● Available data:
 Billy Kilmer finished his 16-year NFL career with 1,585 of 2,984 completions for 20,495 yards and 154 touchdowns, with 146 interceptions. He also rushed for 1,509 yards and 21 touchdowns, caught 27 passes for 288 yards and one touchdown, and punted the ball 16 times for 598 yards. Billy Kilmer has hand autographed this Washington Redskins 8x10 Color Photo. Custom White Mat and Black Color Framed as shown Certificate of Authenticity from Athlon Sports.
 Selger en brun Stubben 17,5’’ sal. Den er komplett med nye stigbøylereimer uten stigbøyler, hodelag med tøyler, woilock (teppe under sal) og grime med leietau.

--

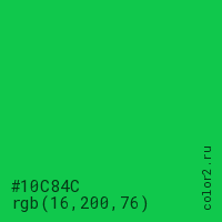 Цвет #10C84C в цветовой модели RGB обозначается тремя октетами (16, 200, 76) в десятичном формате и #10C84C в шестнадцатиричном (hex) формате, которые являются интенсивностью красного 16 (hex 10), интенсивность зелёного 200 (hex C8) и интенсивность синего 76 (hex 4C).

● Task requirements:
Reproduce verbatim the lines above, from the line with "Billy Kilmer finished" through the line with "Selger en brun".

● Task response:
 Billy Kilmer finished his 16-year NFL career with 1,585 of 2,984 completions for 20,495 yards and 154 touchdowns, with 146 interceptions. He also rushed for 1,509 yards and 21 touchdowns, caught 27 passes for 288 yards and one touchdown, and punted the ball 16 times for 598 yards. Billy Kilmer has hand autographed this Washington Redskins 8x10 Color Photo. Custom White Mat and Black Color Framed as shown Certificate of Authenticity from Athlon Sports.
 Selger en brun Stubben 17,5’’ sal. Den er komplett med nye stigbøylereimer uten stigbøyler, hodelag med tøyler, woilock (teppe under sal) og grime med leietau.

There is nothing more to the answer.